There could be any number of goals you’re trying to achieve or questions you’re trying to answer, but it’s always important to have your question in mind upfront. If you know what you’re trying to accomplish, it’ll be easier to build your visualization.

2. Select a question that will provide useful information

This seems like an obvious point, but we’ve seen many organizations and groups ignore relevancy for the sake of producing a visualization quickly. This is especially true in more siloed organizations, where groups don’t have a solid understanding of other departments’ challenges or goals. It doesn’t make sense to spend any time answering a question that provides little to no value to the organization.

Reach out to stakeholders outside of your own department, especially if the results will affect other groups and the actions will require their buy-in. Ask if the results from the question you’re looking to answer would help them do their job more effectively.

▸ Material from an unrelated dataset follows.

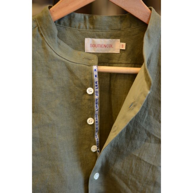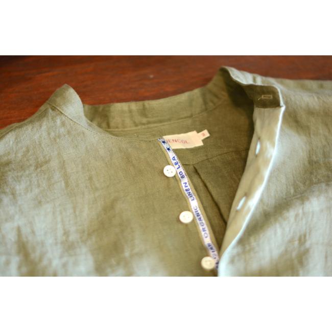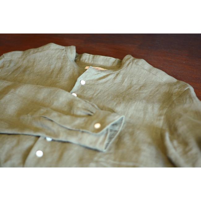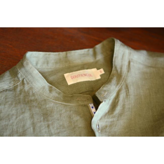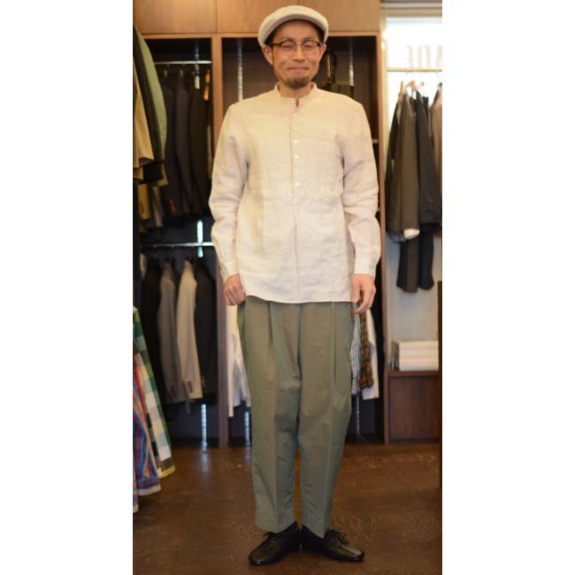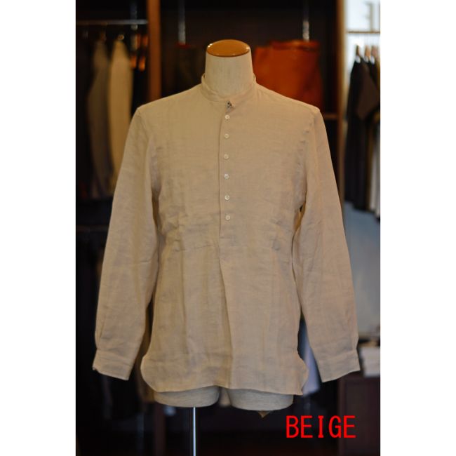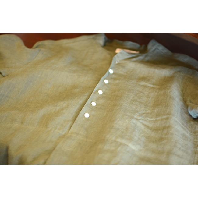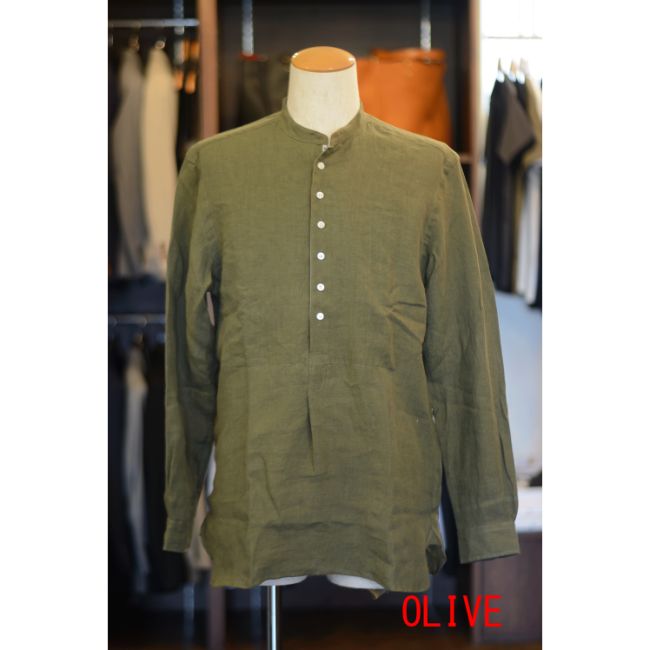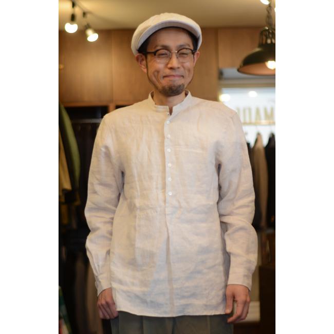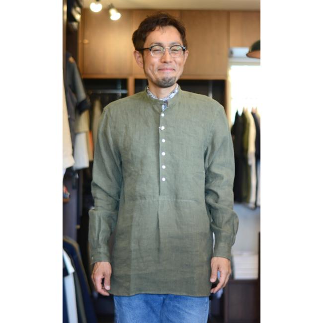 プルオーバー仕様のバンドカラーシャツです。

Differing perspectives from across the organization will also help to refine your question or pull in more relevant data sources.

However, it’s important not let their feedback dilute the overall goal of your data visualization. Answer one question at a time, and don’t get caught up trying to build a comprehensive data visualization solution that addresses all pain points across the organization. As we mentioned in point 1, keep your goal well-defined and straightforward.

Sticking with the example from point 1, we’re interested in figuring out where to spend our marketing dollars. We would expect to gather feedback from members of R&D, sales, customer support, and any other teams that would have valuable input on this specific topic. Can the marketing team run a targeted campaign shortly after learning the results of the data visualization? Can the sales team handle the extra potential inbound leads that result from the marketing campaign?

3. Use the right tools

You don’t have to do this all alone or create visualizations from the ground up. And you certainly don’t have to rely only on Excel. Excel can help with simple visualizations, but it can’t support larger, more complex data-sets or interactive visualization components at scale. You’re extremely limited in the types of charts you can create via Excel and you also lose reproducibility.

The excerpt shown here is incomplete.